▶ [YOUR ASSIGNMENT]:
Your output should consist of the lines from the first line of the records below through the one with "Индикатор объединяет анализ", exactly, minus the pictures.

[Stored records]
::::

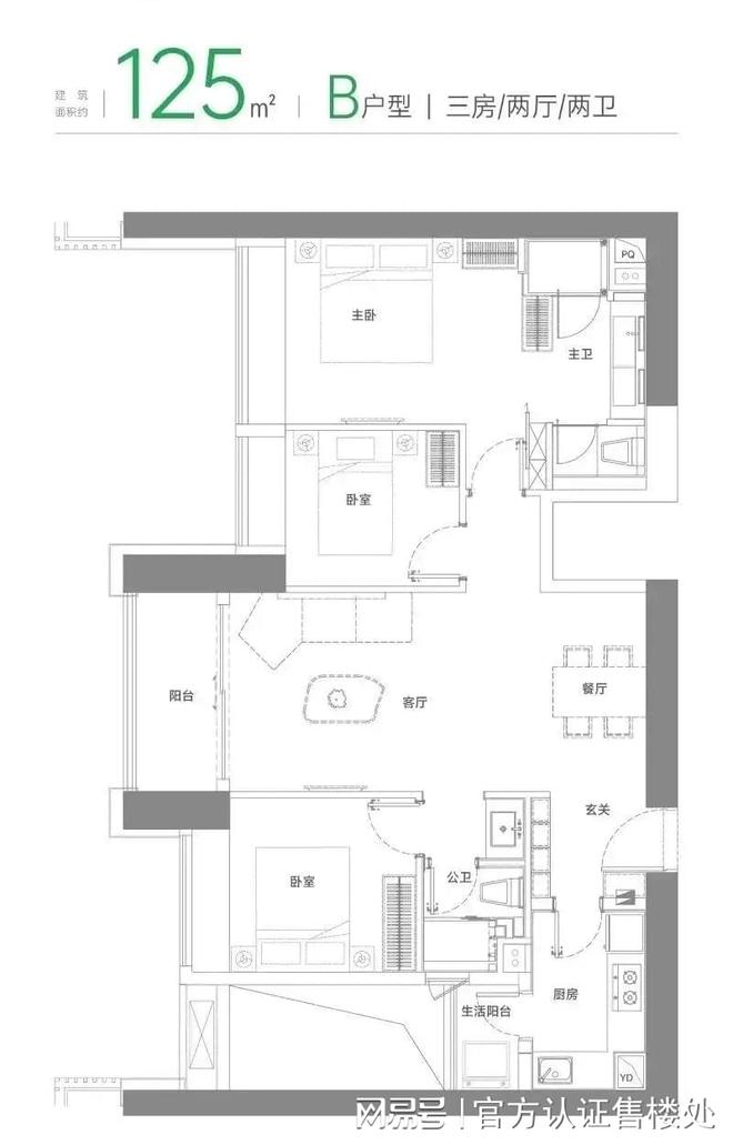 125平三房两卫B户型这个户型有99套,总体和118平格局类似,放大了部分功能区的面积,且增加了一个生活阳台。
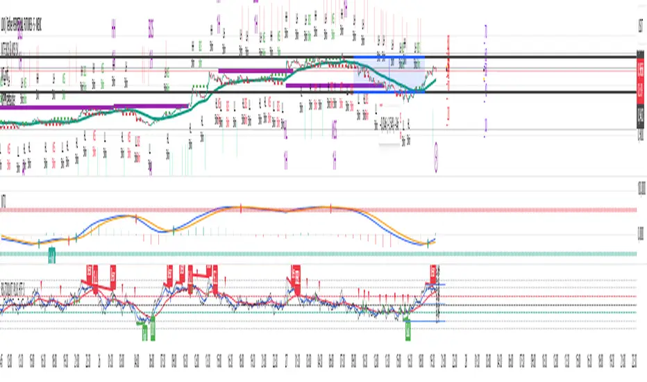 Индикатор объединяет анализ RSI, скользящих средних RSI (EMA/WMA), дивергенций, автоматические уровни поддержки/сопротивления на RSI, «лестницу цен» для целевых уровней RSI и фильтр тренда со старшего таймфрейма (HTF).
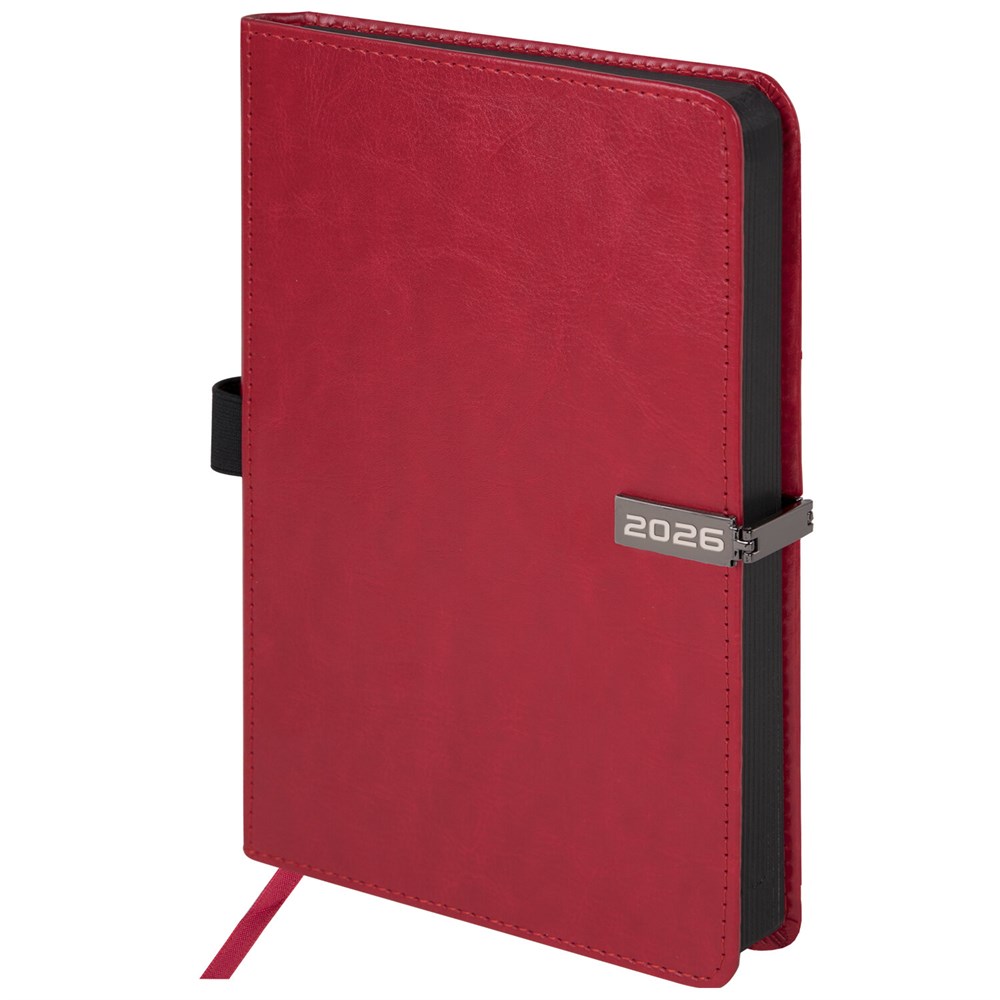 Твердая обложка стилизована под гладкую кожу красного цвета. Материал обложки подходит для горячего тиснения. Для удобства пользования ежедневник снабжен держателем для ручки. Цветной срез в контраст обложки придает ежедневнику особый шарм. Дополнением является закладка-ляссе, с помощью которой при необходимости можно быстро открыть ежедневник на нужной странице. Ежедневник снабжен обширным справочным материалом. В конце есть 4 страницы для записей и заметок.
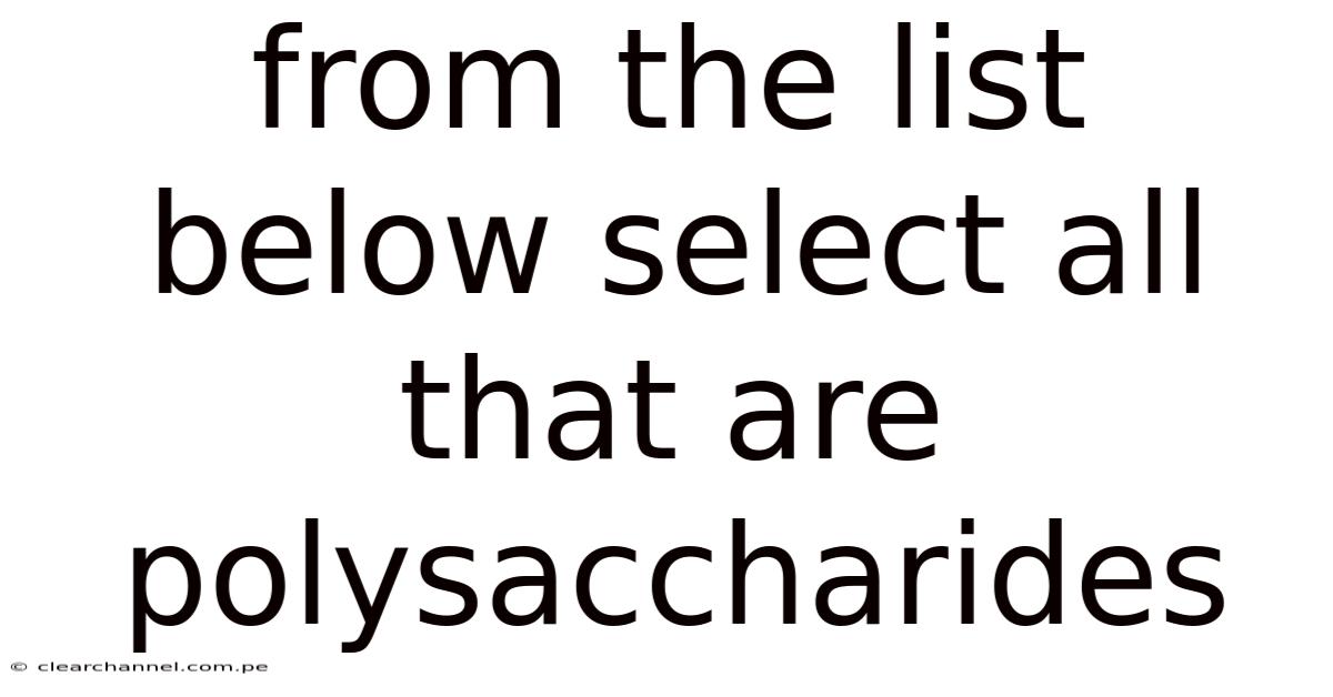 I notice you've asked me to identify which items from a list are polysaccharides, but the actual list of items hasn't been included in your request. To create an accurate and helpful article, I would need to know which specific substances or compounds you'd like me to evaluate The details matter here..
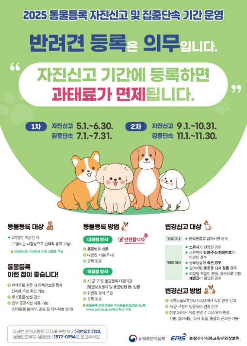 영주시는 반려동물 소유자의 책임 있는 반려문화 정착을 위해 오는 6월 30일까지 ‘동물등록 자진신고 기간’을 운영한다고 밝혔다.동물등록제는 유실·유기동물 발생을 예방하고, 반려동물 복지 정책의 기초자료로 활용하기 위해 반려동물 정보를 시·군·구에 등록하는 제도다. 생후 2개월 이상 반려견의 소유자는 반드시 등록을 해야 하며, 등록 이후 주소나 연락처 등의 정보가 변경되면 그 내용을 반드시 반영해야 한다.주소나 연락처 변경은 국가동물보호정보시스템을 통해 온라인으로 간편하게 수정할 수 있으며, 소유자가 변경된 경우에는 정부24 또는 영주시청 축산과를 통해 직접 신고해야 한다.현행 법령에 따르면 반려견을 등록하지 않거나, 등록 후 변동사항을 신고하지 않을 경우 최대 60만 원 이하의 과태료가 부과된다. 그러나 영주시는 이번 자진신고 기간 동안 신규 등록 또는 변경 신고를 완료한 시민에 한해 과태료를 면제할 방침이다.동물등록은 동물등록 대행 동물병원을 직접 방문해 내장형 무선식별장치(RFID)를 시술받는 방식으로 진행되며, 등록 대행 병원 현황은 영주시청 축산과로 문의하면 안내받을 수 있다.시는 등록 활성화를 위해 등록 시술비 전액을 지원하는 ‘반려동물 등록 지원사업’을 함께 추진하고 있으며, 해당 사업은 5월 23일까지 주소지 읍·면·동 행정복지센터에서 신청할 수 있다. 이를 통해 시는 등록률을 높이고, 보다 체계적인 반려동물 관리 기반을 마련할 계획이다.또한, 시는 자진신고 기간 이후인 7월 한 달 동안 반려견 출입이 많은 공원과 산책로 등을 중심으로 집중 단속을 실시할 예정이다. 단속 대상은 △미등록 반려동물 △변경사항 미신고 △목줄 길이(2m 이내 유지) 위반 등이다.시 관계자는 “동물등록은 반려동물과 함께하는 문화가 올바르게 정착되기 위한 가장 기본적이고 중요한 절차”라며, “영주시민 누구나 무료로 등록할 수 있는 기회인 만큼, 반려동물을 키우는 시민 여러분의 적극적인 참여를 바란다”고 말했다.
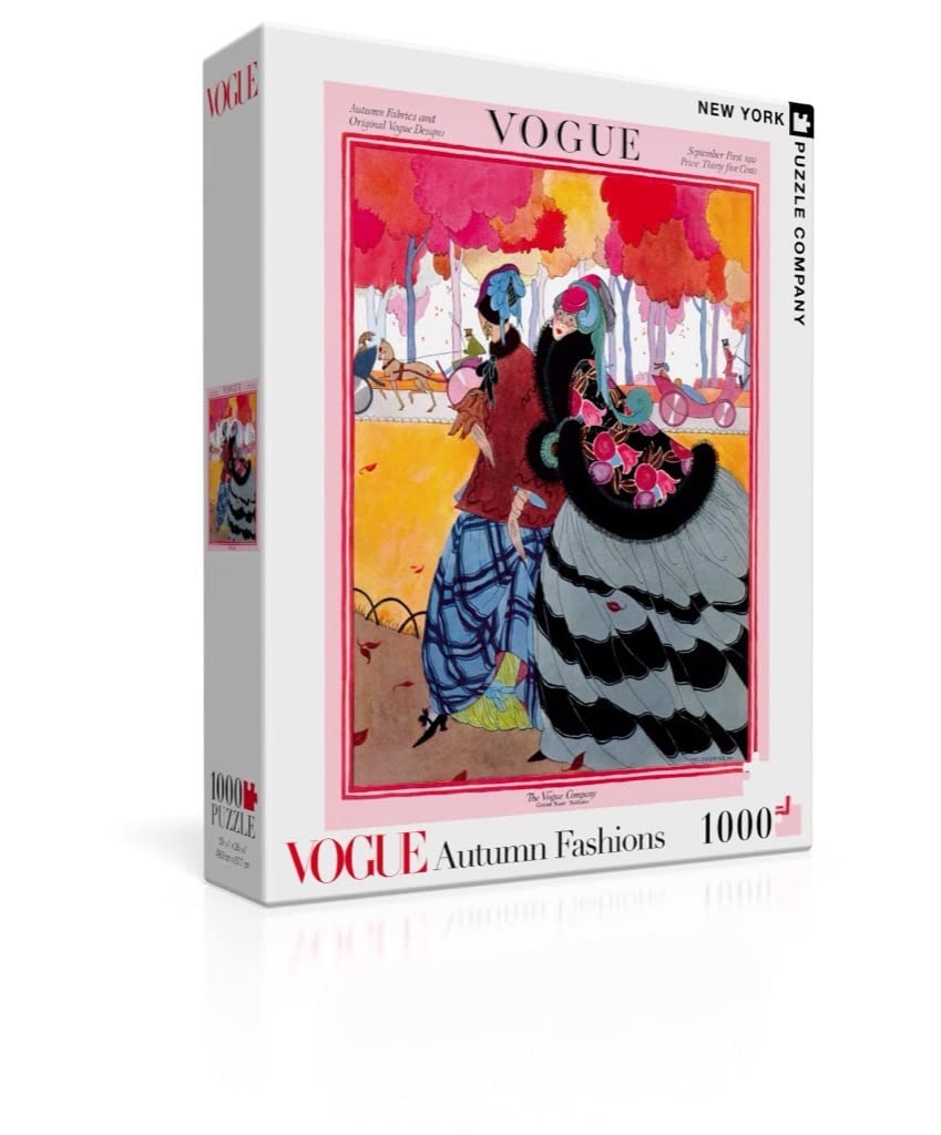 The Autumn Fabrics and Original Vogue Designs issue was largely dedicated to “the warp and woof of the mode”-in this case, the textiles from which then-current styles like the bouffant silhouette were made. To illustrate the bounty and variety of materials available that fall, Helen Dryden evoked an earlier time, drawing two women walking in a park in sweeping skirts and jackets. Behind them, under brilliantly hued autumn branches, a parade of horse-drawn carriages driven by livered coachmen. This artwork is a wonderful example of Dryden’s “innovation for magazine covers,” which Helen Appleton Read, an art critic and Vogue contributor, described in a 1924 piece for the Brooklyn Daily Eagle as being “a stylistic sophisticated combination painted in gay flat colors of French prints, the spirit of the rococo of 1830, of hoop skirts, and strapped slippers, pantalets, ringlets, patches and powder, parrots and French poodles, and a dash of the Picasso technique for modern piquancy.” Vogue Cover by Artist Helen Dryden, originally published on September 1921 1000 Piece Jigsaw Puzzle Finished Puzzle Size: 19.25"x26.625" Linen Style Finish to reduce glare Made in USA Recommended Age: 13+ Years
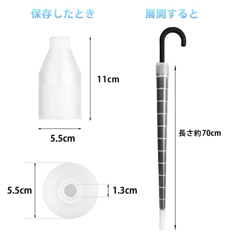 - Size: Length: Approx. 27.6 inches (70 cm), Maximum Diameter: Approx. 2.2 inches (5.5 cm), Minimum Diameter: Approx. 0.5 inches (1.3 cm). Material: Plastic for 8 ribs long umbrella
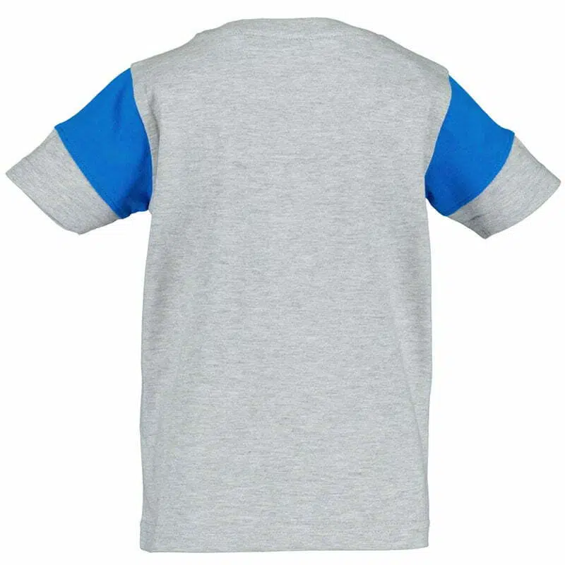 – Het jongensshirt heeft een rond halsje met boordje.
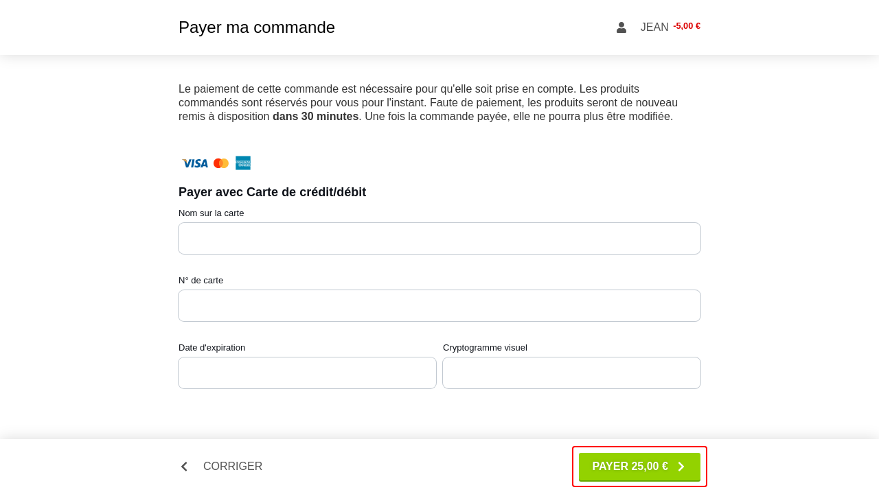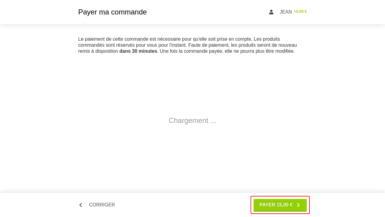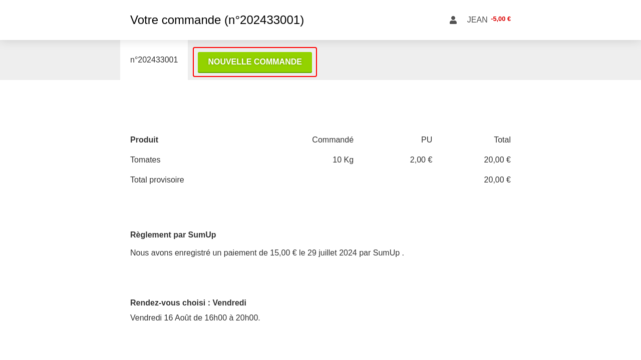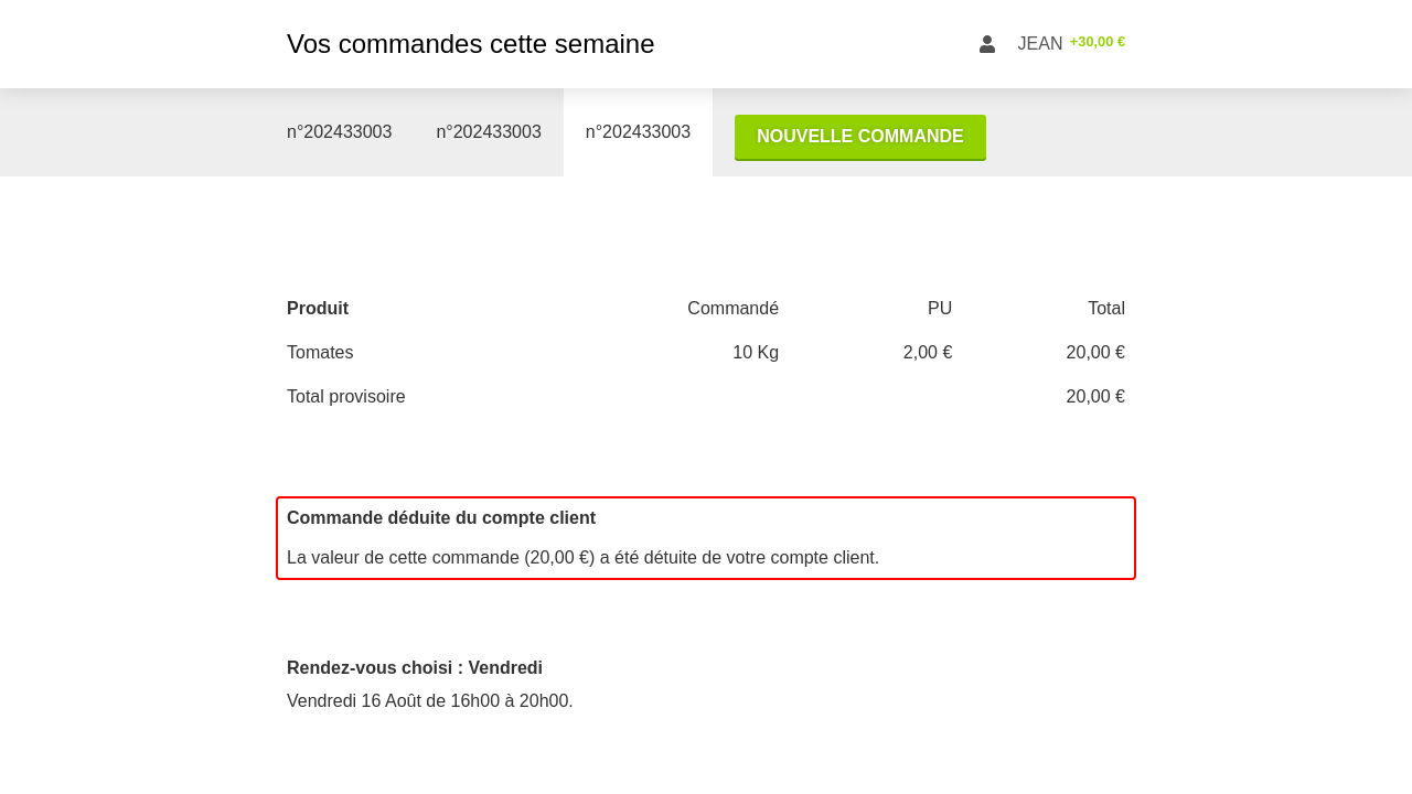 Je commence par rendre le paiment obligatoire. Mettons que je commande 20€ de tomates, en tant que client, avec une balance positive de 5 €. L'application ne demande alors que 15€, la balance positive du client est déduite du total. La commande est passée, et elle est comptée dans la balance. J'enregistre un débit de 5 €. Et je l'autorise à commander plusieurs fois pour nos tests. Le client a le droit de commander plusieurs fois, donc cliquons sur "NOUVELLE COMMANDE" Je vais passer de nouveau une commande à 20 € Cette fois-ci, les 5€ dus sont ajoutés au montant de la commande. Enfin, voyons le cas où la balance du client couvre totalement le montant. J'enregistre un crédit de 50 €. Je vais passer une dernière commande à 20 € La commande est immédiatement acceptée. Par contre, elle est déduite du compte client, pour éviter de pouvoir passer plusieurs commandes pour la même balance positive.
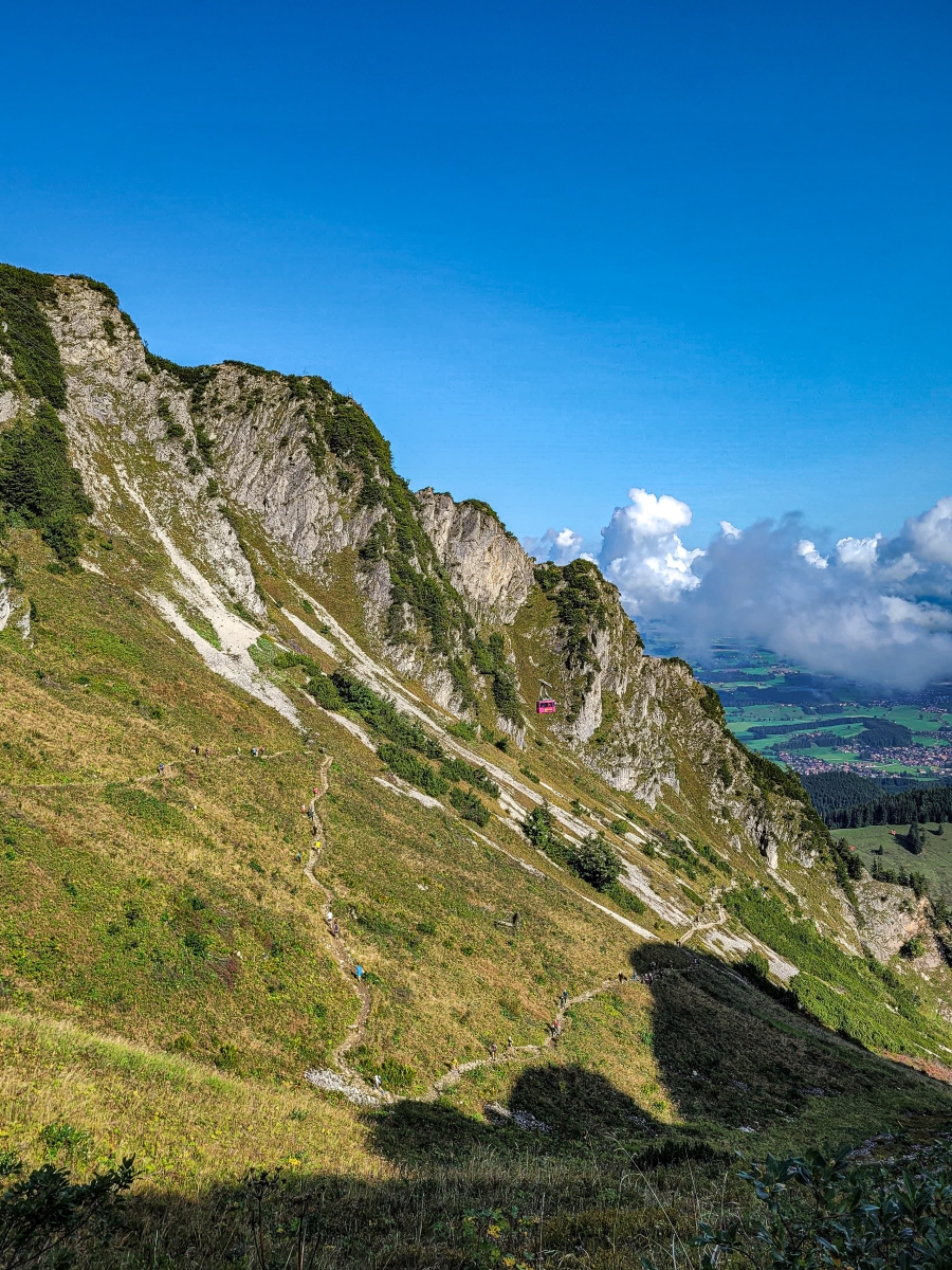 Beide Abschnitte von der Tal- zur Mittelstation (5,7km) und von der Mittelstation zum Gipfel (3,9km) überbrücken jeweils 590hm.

::::

▶ [ANSWER FOR THIS EXERCISE]:
 125平三房两卫B户型这个户型有99套,总体和118平格局类似,放大了部分功能区的面积,且增加了一个生活阳台。
 Индикатор объединяет анализ RSI, скользящих средних RSI (EMA/WMA), дивергенций, автоматические уровни поддержки/сопротивления на RSI, «лестницу цен» для целевых уровней RSI и фильтр тренда со старшего таймфрейма (HTF).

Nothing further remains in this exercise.